Il s'est passé quoi en vingt-cinq ans ?
"Si le travail, c'est la santé, à quoi sert alors la médecine du travail ?" a ironisé le sénateur socialiste Yves Daudigny, citant Pierre Dac, pour introduire les 7es Rencontres de Santé & Travail. Lors d'une première table ronde, plusieurs membres de notre comité de rédaction ont dressé un bilan, depuis la création du magazine, de l'évolution des conditions de travail et de leur prise en charge. Il y a tout d'abord une meilleure visibilité de certains risques professionnels, comme l'a souligné Dominique Huez, médecin du travail. "Avant la circulaire de 1985, il était impensable de parler de cancers d'origine professionnelle. De même, au milieu des années 2000, la souffrance au travail était un gros mot. On progresse !" Si les connaissances en santé au travail ont avancé, les atteintes à la santé, elles, reculent peu. Ainsi, pour Bernard Dugué, ergonome, les troubles musculo-squelettiques (TMS) représentent "10 millions de journées de travail perdues". Quant aux fameux risques psychosociaux (RPS), ils ne sont que la partie visible de l'iceberg des effets des nouvelles formes d'organisation du travail. "En situation de stress chronique, le corps mobilise son principal système de défense contre les agressions : l'inflammation, a précisé Philippe Davezies, chercheur en santé au travail.

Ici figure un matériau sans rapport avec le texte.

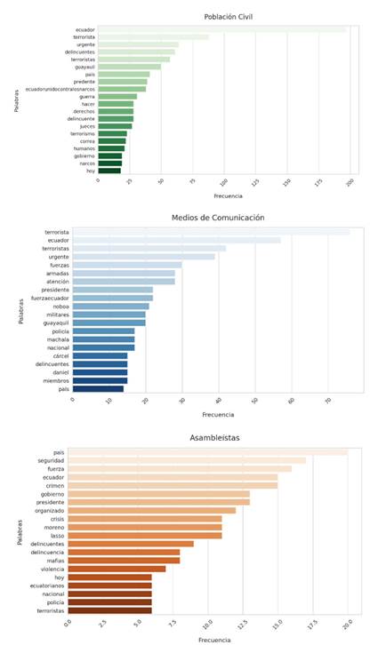 Estos nuevos hashtags complementaron la expresión de búsqueda #EcuadorBajoAtaque OR #EcuadorExigeSeguridad OR #EcuadorBajoAtaqueTerrorista OR #EcuadorEnGuerra, recopilando 11.498 trinos en total. Adicional a estos trinos se recolectó información de 97 cuentas de asambleístas2 durante el período comprendido entre el 9 y el 17 de enero de 2024, se obtuvo un total de 2.105 trinos.

Or celle-ci est la force motrice de l'ensemble des pathologies chroniques associées au vieillissement
En regard, les dispositifs de reconnaissance et de réparation demeurent fragiles et pas vraiment à la hauteur des enjeux. Ainsi, le compte pénibilité, finalement mis en oeuvre après avoir fait débat depuis 2003, a été "bien amputé" récemment, suite à l'éviction de quatre facteurs de risque importants, a constaté Serge Volkoff, directeur de recherche au Centre d'études de l'emploi. "Vu l'absence de rétroactivité et, maintenant, de prise en compte des risques chimiques, il faudra tomber malade avant de partir en retraite", a-t-il déploré. L'éviction des risques chimiques du dispositif pénibilité passe mal. Et pas seulement pour la réparation. Gérard Lasfargues, professeur de médecine du travail, a rappelé que plus de 2 millions de salariés étaient exposés à des substances cancérogènes et a regretté la disparition de la traçabilité individuelle des expositions (voir article page 6 de ce numéro). Pourtant, la prévention est bien souvent rentable : "Selon l'Agence européenne pour la sécurité et la santé au travail, pour chaque euro investi dans la prévention, les retombées sont de 2,20 euros", a expliqué Laurence Théry, directrice du travail.